Harman Provides Guidance for Fiscal 2008
Announces Analyst and Investor Conference Call
WASHINGTON--(BUSINESS WIRE)--Harman International Industries, Incorporated (NYSE:HAR) is releasing its forecast for the first quarter and for the year ending June 30, 2008. It will hold an investor call on Thursday, September 27, 2007.
“Harman International is a sound company with exceptional market position and strong future prospects. It is important for investors and our other constituents to be reminded of this, particularly in light of last Friday’s decision by our former merger partners”
“Harman International is a sound company with exceptional market position and strong future prospects. It is important for investors and our other constituents to be reminded of this, particularly in light of last Friday’s decision by our former merger partners,” said Dr. Sidney Harman, Executive Chairman.
Dinesh Paliwal, Vice Chairman and Chief Executive Officer said, “In my early days at Harman I am impressed with the Company’s technology, customer relationships and talented people. While we have some near-term challenges, this remains a great company and I am committed to do whatever it takes to help us realize our full potential. To get there, we will be looking critically at each of our divisions, and we expect to accelerate the restructuring of under performing business units.”
The Company expects fiscal 2008 performance to be impacted by a number of factors including increased R&D to support the development of several new infotainment platforms and associated launch costs. We now expect fiscal 2008 sales to reach $4.1 billion ($3.55 billion in 2007). The Company expects operating income and diluted EPS before merger related costs to equal or exceed last year’s record performance.

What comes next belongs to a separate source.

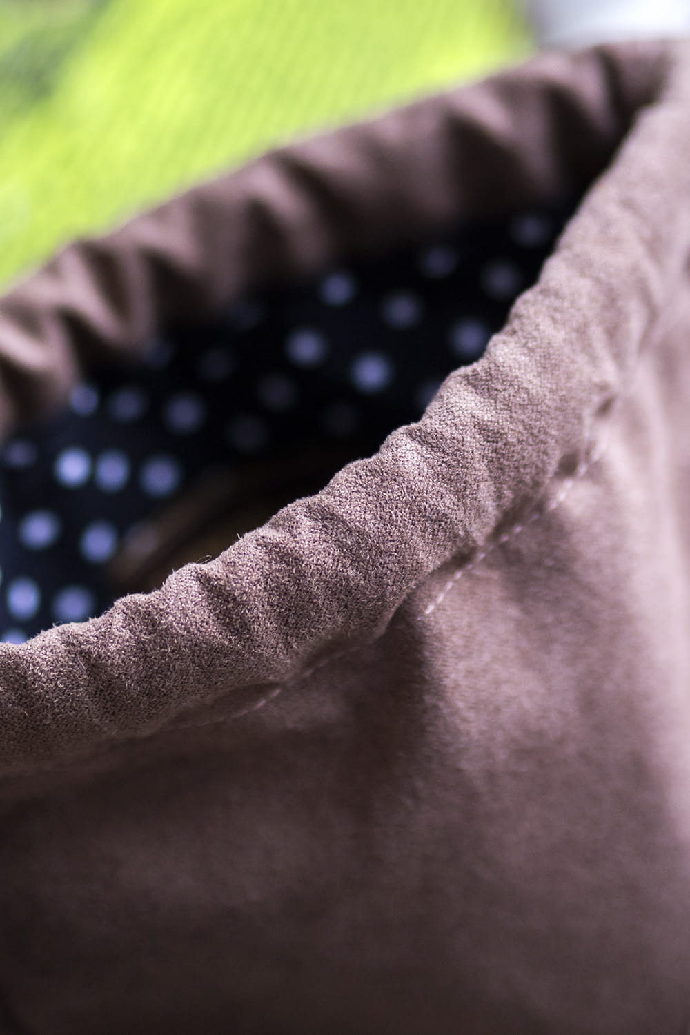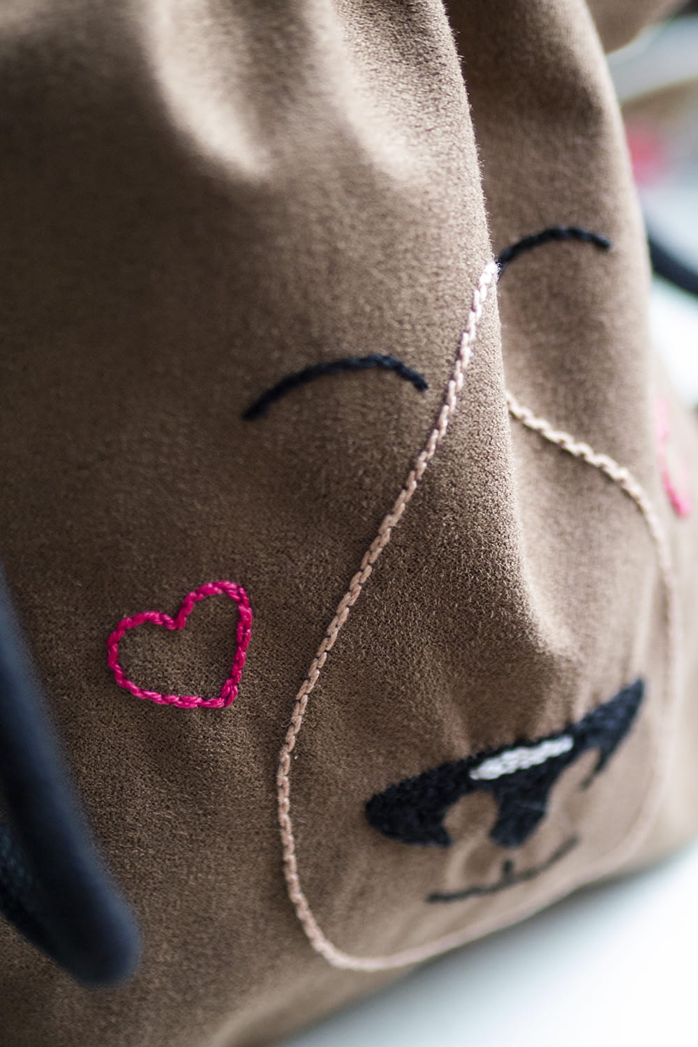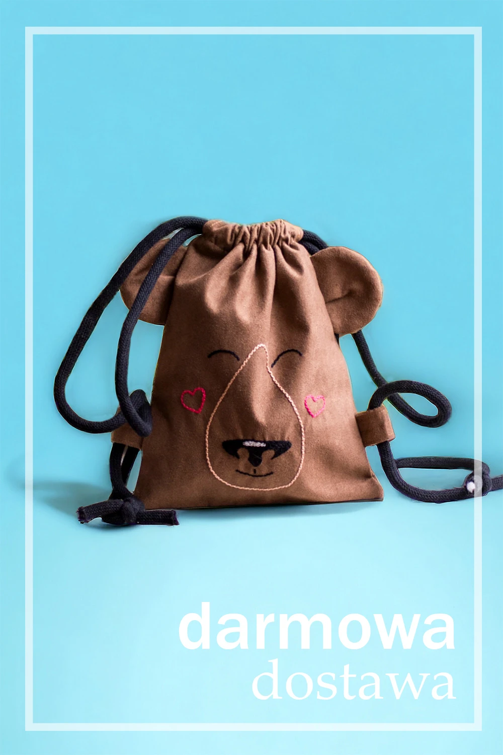 Dziecięcy plecaczek worek wykonany z brązowego nubuku. Ręcznie haftowany pyszczek misia. Bawełniane sznurki w kolorze czarnym.

In 2007, operating income was $397 million and diluted EPS were $4.14 adjusted for non-recurring restructuring charges, merger costs and tax items.

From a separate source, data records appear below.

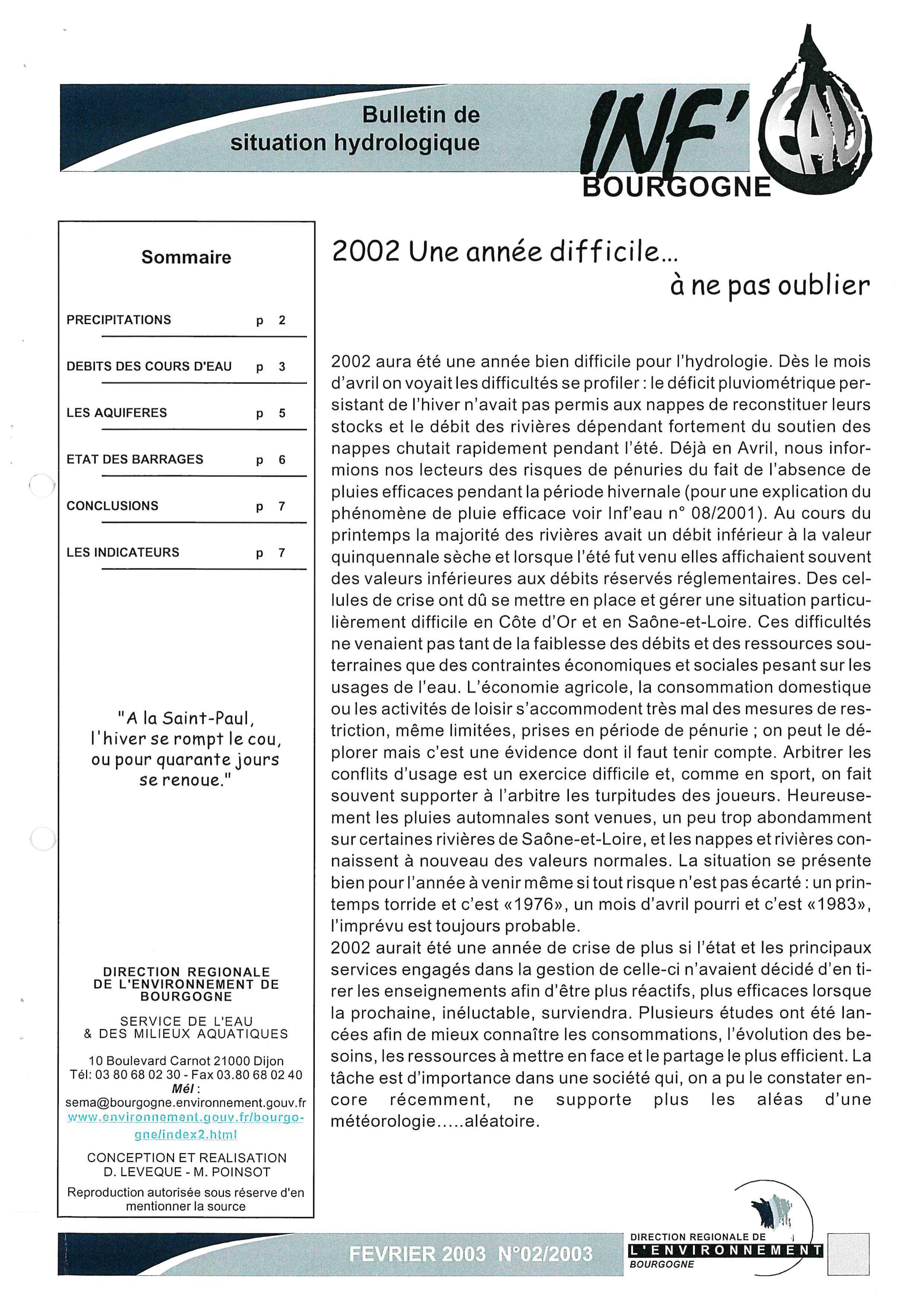Bulletin hydrologique février 2003
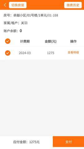 1、完成注册并登录后,在软件首页的费用缴纳区域,选择需要支付的物业费项目并完成支付。
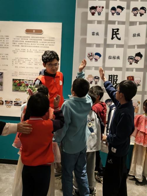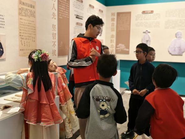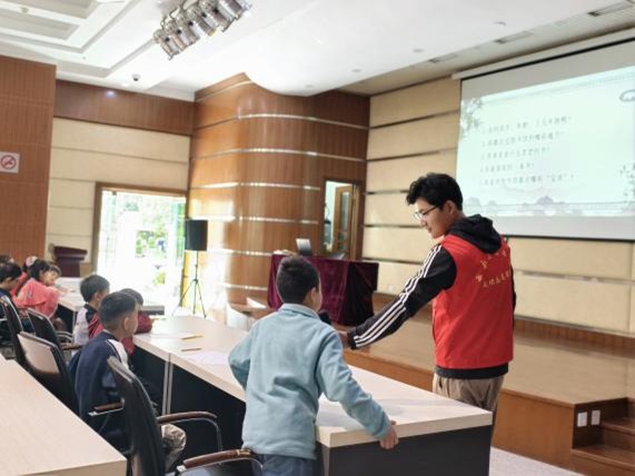 活动现场,历史文献部的高鹏宇老师化身领航员,带领小朋友们穿梭在云南省图书馆的浩瀚书香宝藏中,从文字起源到古籍文献,为小朋友们带来了一场精彩的“云图寻宝”大遨游。除了熟记课堂内容以外,小朋友们还跟随着高老师的脚步到云南典籍博物馆进行现场学习,观看了“缥缃万卷 云岭流芳——典籍里的云南”主题文献展,领略了历代典籍中关于云南的种种记载。一件件实物、一幅幅书卷,文字介绍与实物展示交相呼应,让小朋友们感受到了典籍里的文字“活”起来的力量。
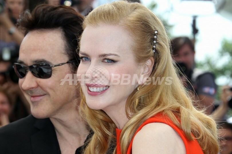 写真は、フォトセッションに登場したキッドマンとキューザック(2012年5月24日撮影)。(c)AFP/VALERY HACHE
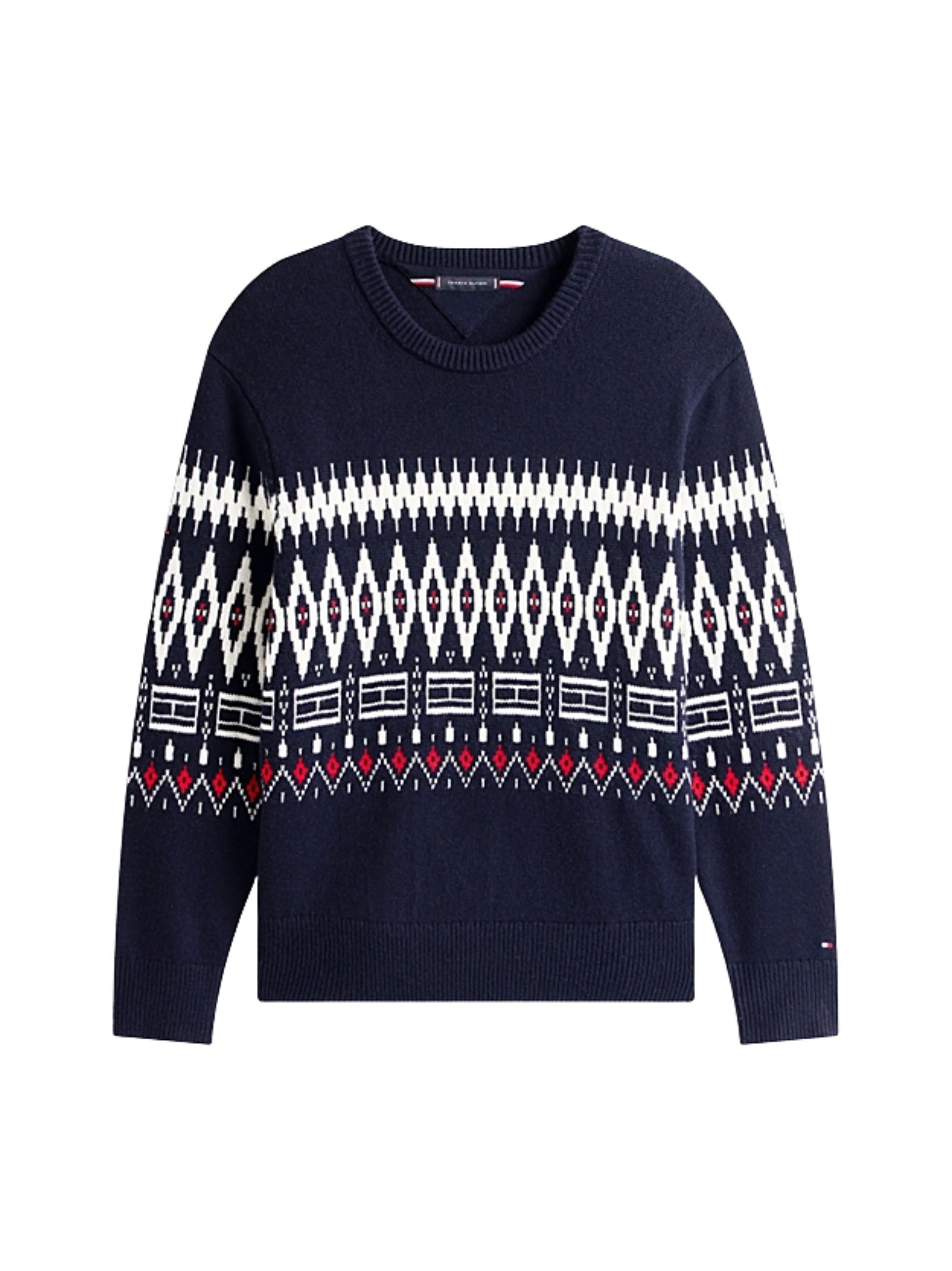 Pullover blu in misto lana dagnello con motivo Fair Isle reinterpretato, girocollo, collo, polsini e fondo a coste, logo bandierina Tommy Hilfiger nel motivo, branding Tommy Hilfiger; vestibilità relaxed fit con spalle scese; 70% lana dagnello, 30% nylon.

For the quarter ending September 30, 2007 we estimate net sales of $950 million, operating profit of $40 million and diluted EPS of $0.50 before merger-related costs. As previously disclosed, the fourth quarter of fiscal 2007 and the first quarter of fiscal 2008 were affected by increased R&D costs, primarily related to recent automotive platform awards. We expect substantial margin improvements over the course of fiscal 2008 as we work through these costs and begin the launching of new infotainment platforms.”

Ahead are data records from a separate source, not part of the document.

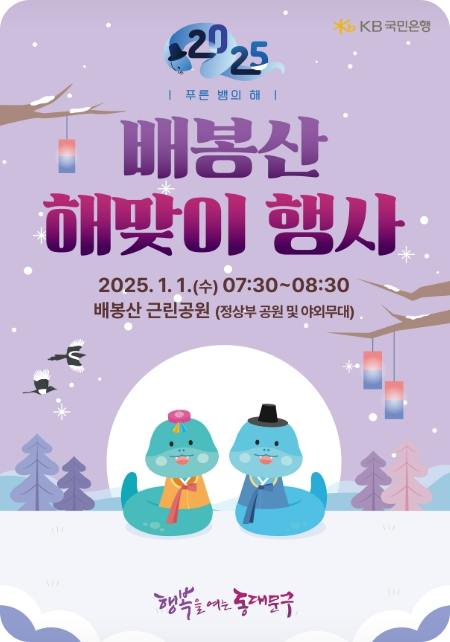 배봉산 해맞이 행사는 배봉산 근린공원에서 새해기념타징과, 새해희망기원 공연, 복떡국 나눔 행사 등이 진행되며 무장애 둘레길과 등산로가 잘 정비되어 있어 편안하게 올라 해돋이를 즐길 수 있는 장소입니다.
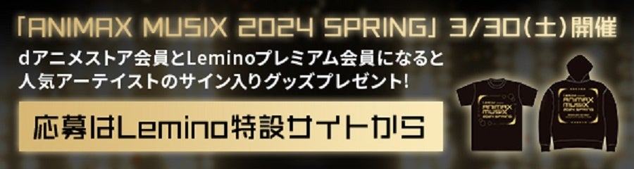 Lemino プレミアム会員とd アニメストア会員の方を対象に、「ANIMAX MUSIX 2024 SPRING」に出演するアーティストのサイン入りオフィシャルグッズのプレゼントキャンペーンを実施します。この機会にぜひ、Lemino プレミアムとd アニメストアにご入会ください。詳細はLemino特設サイトをご確認ください。
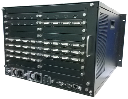 MEI-C-2100系列 數位模組化拼接處理器,最大可支援144路輸入、68路輸出,採模組化設計提供靈活運用的插卡式擴充結構,可自由選配VIDEO、VGA、RGB、DVI、SDI、HDMI、光纖等訊號。內建多種顏色可標示名稱、功能,以便對每個輸入訊號源進行標示管理與分類。並可按使用者工程須求功能來客製設備。
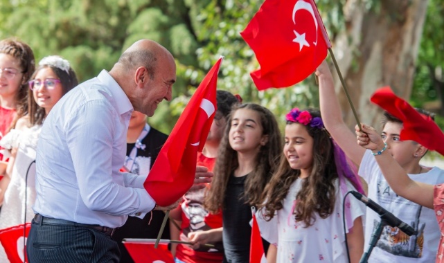 İzmir Büyükşehir Belediye Başkanı Tunç Soyer, 23 Nisan Ulusal Egemenlik ve Çocuk Bayramı kutlamaları için Kültüpark'ta çocuklarla bir araya geldi. 23 çocukla birlikte çekilen “İzmir İçin Söyle Çocuk Korosu” videosunun tanıtımına da katılan Başkan Soyer, sahnede miniklerle eğlenceli anlar yaşadı.
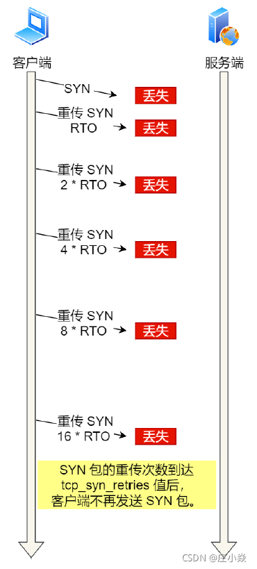 - 最后,客户端 SYN 超时重传次数达到了 5 次(tcp_syn_retries 默认值 5 次),就不再继续发送SYN 包了。
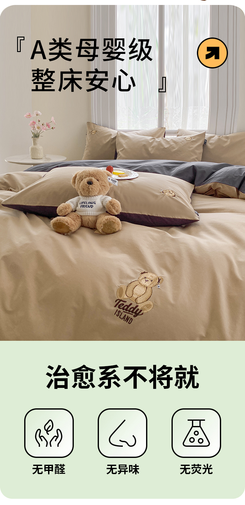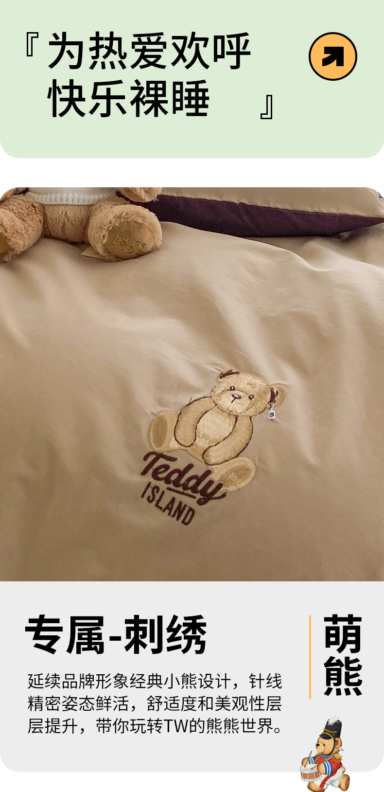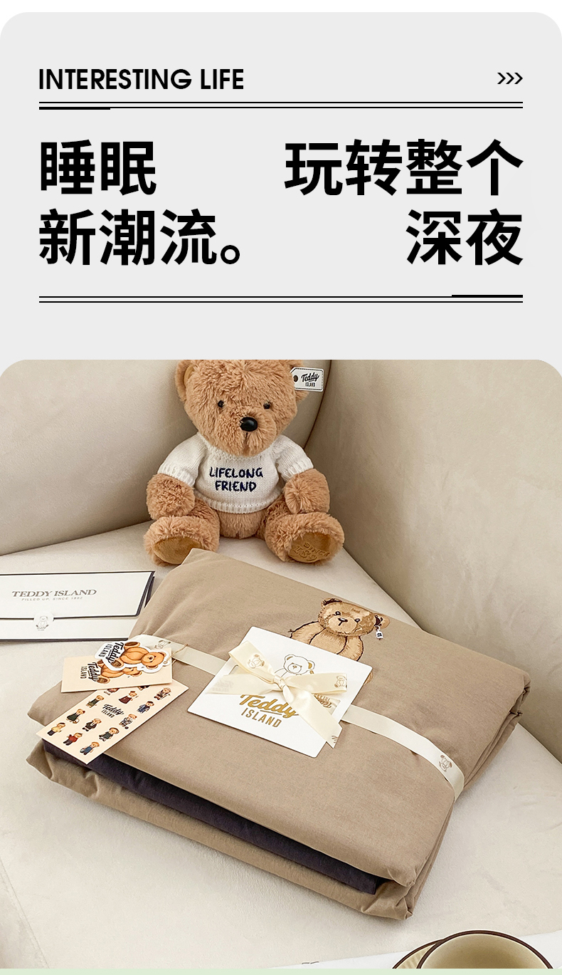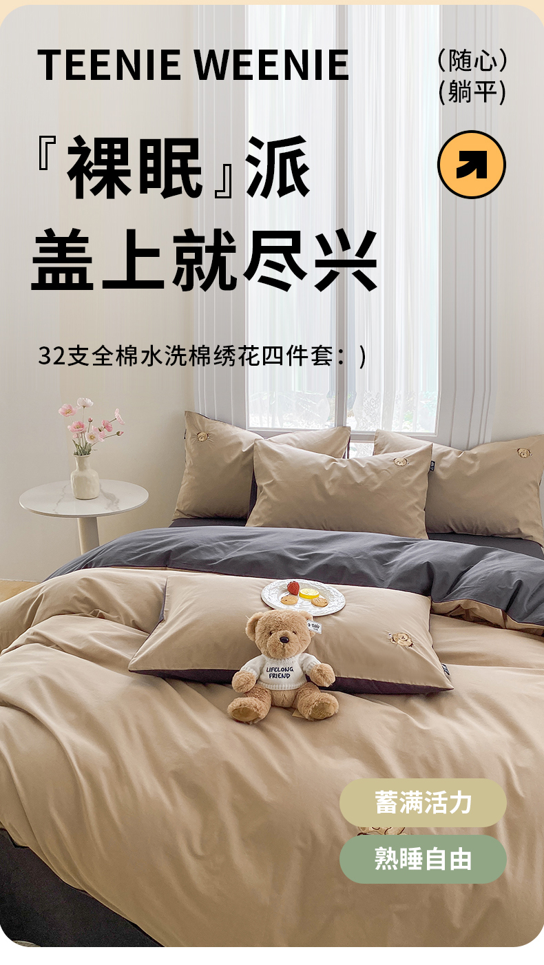 当前位置: 91家纺网 > 商品网购 > 床品套件 > 四件套 > 水洗棉四件套 > 泰迪爱兰Teddy ISLAND 2026新款32支全棉水洗棉绣花三件套四件套 驼色+深灰

“In light of increases in material costs and faster ramp-up of R&D resources to work on new business awards, equaling the record operating performance of fiscal 2007 is an achievement. The benefits of common platform synergy and scalability will be realized in fiscal 2009 and beyond. Those benefits will strengthen our operating profits,” said Paliwal.
Investor Call on September 27th
At 4:30 p.m. EDT on September 27, 2007, Harman's management will host an analyst and investor conference call to discuss the Company’s current expectations for fiscal 2008. A question and answer session will follow. In light of matters disclosed in the Company’s September 21, 2007 press release, Harman’s management cannot accept questions about the proposed merger with affiliates of Kohlberg Kravis Roberts & Co. L.P. and GS Capital Partners VI Fund, L.P. Those who wish to participate in the call should dial (800) 398-9379 (US) or (612) 332-0107 (International), and reference Harman International.
A replay of the call will also be available following the completion of the call at approximately 8:00 p.m. EDT. The replay will be available through October 4, 2007. To listen to the replay, dial (800) 475-6701 (US) or (320) 365-3844 (International), Access Code: 888651.
AT&T will also be web-casting the presentation. The web-cast can be accessed at http://184.108.40.206/att/confcast enter the Conference ID: 888651, then enter the pass code: Harman and click Go. There will also be a link to the web-cast at www.harman.com. Participation through the web-cast will be in listen-only mode.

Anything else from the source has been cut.